Will electric field cause electrons to move in disconnected wire? Imagine a straight piece of wire, not connected to anything. Parallel to one of it's ends is a section of circuit with direct current in it. They're placed in such a way, that only about 1/4 (or less) of disconnected wire is near a powered circuit. Question: will electric field in circuit cause at least some of electrons in disconnected wire to move to other end (upper end on picture)? Will this happen, if circuit is a toroidal solenoid, and end of disconnected wire in inserted in hole in the middle of said toroid?
 A: If you had an electric field, charge separation would build up in the disconnected conductor such that the electric field inside the conductor was zero. This movement of charges would constitute a current that very rapidly decayed to zero.
However, neither of the diagrams you show appear have a changing magnetic field because the current in the blue wire appears to be depicted as constant. Therefore no electric field is induced and no current flows in either orange wire.
A: On your left diagram, assuming the straight wire is close enough to the circuit, the magnetic field on the circuit will induce a current in the straight wire due to Faraday induction but only for a brief moment during a d.c. transient (i.e. switch on or switch off of the circuit).
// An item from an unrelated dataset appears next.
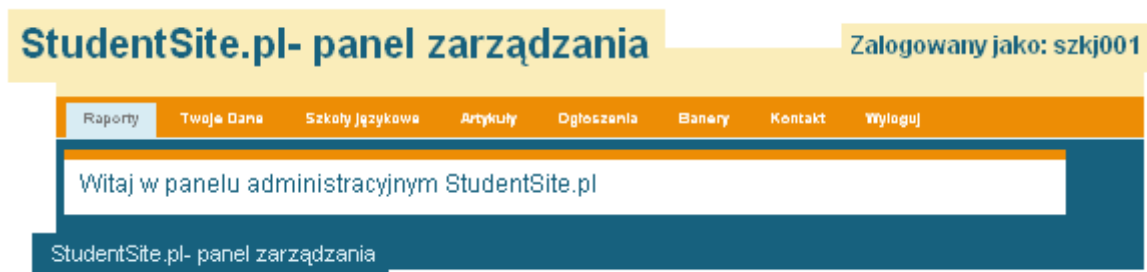
Ilustracja 2: Strona główna panelu zarządzania

Po udanym logowaniu zostaniesz przeniesiony na stronę główną panelu. Na tej stronie znajdziesz ważne informacje od administratora.

For the d.c. steady state of operation, no current will be induced in straight wire since there is no changing magnetic field on the circuit. For an a.c. circuit your straight wire will behave like a reception radio antenna provided the physical length of your wire is similar to the a.c. signal wavelength $λ$ in your circuit with optimum length values for the straight wire for best reception, $λ/2$ or $λ/4$.
For your right diagram, it is known that a toroidal solenoid has no magnetic field outside. Neither around it nor at its cap. All the magnetic field B in contained inside the toroidal solenoid. Therefore, neither a d.c. transient signal nor an a.c. signal will be induced in the straight wire.
As for the electric field of the circuit, for both of the above described cases it is known that for metal conductors electric field is contained inside the wire (or more close to the surface of the wire for high frequency a.c. signals, skin effect) and no electric field is practically radiated outside the wire. Even in d.c. steady state, the wires remain electrostatically neutral due the homogeneous current charge transfer inside a wire.
CAUTION: Electrostatically neutral, that does not of course mean in anyway that touching a naked high powered wire and you being sufficiently grounded, that you will not be electrocuted!